Jeffreys' prior is p(θ) ∝ √det I(θ) — proportional to the square root of the Fisher information determinant. It is the unique "objective" prior that is invariant under reparameterisation (the prior of φ = g(θ) is the same as transforming Jeffreys' prior of θ through the change-of-variables formula). For a binomial proportion this gives a Beta(½, ½) prior; for a Poisson rate, Gamma(½, 0); for a normal mean with known variance, a flat prior. Jeffreys (1946) proposed it as a default "uninformative" prior; subsequent work showed it has good frequentist matching properties but can be improper (not integrable) for multi-parameter models.
How does Fisher information relate to KL divergence?
Fisher information is the local quadratic approximation of KL divergence around the true parameter. For nearby parameters θ and θ + dθ, D_KL(p(·; θ)‖p(·; θ + dθ)) ≈ ½ dθᵀ I(θ) dθ. The Fisher information matrix is the Hessian of the KL divergence at θ. This connection makes information geometry possible: the space of probability distributions is a Riemannian manifold with the Fisher matrix as its natural metric. Geodesics are shortest paths between distributions; natural gradient descent moves along the steepest direction in this geometry.

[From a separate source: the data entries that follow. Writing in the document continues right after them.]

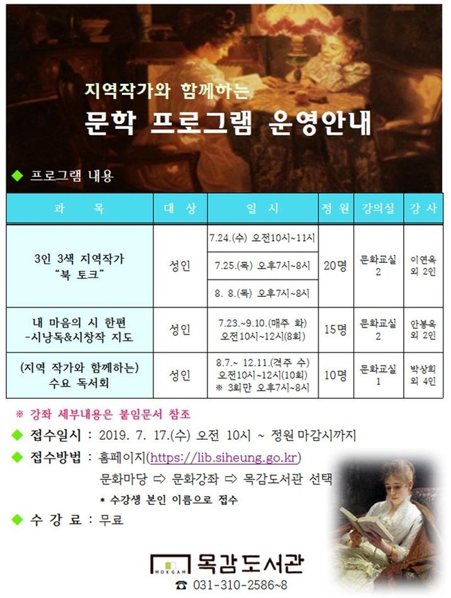 수강신청은 7월 17일 오전 10시부터 중앙도서관 홈페이지 문화마당의 문화강좌 코너에서 목감도서관을 선택해 선착순 접수하면 된다.
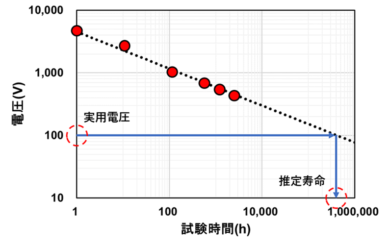 作成したサンプルに試験電圧を印加し、印加電圧(Voltage)に対し、絶縁破壊が生じる時間(Time)をプロットします。プロットから適切な近似線(V-t特性線)を作成することで、製品の実用電圧における寿命を推定することが可能です。下記結果を例とすると、100Vでは約400,000時間の寿命があると予測できます。
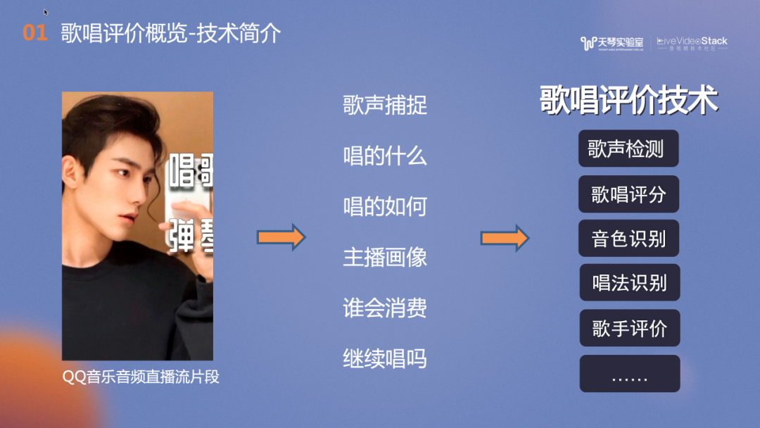以QQ音乐的音频直播流片段为例。一位QQ音乐音频主播,直播了一小时。获取到直播流后,我们通过歌声检测技术捕捉了音频主播直播中的歌声片段,并使用音频指纹匹配歌曲,判断主播的演唱曲目。接下来,歌唱评价技术会结合主播演唱的音准、节奏、气息、技巧及情感进行分析,并通过声线的分析建模主播的画像,同时实时向主播提供歌唱反馈。还可以使用算法预测可能会喜欢这类声音的用户。这里会运用到很多歌唱评价的相关技术,例如歌声检测、歌唱评分、音色识别、唱法识别,歌手评价等。
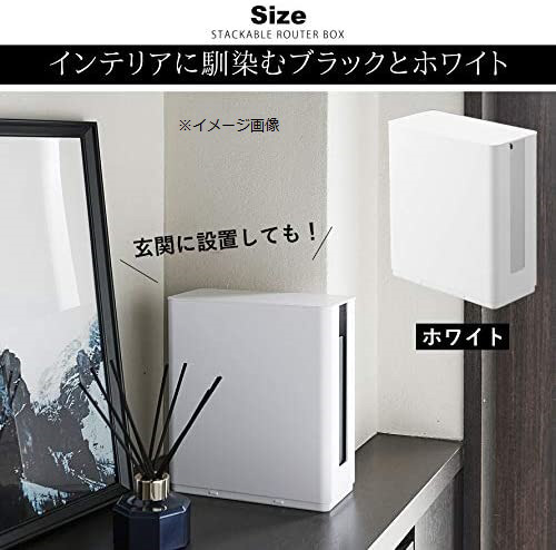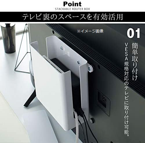 置き場所に困るモデムやルーターを玄関先やリビングですっきり収納。モデムやルーター、HDDなど複数の周辺機器とコード類をすっきり収納。 2個組み合わせればスタッキング可能な蓋付きのルーター収納ケース。お好みの用途に合わせて設置・取り付け可能。VESA規格にも対応

How is Fisher information computed for a normal distribution?
For 𝒩(μ, σ²) with known σ, log f = −½ log(2πσ²) − (x − μ)² / (2σ²). Differentiate twice w.r.t. μ: ∂² log f / ∂μ² = −1/σ². Take negative expectation: I(μ) = 1/σ². So the Fisher information for the mean is the inverse variance; sharper data (smaller σ) carry more information per sample. The Cramér-Rao bound gives Var(μ̂) ≥ σ²/n, exactly the variance of the sample mean — which therefore achieves the bound. For unknown σ, the Fisher information matrix has I(μ) = 1/σ², I(σ²) = 1/(2σ⁴), and zero off-diagonal entries — mean and variance estimates are asymptotically uncorrelated.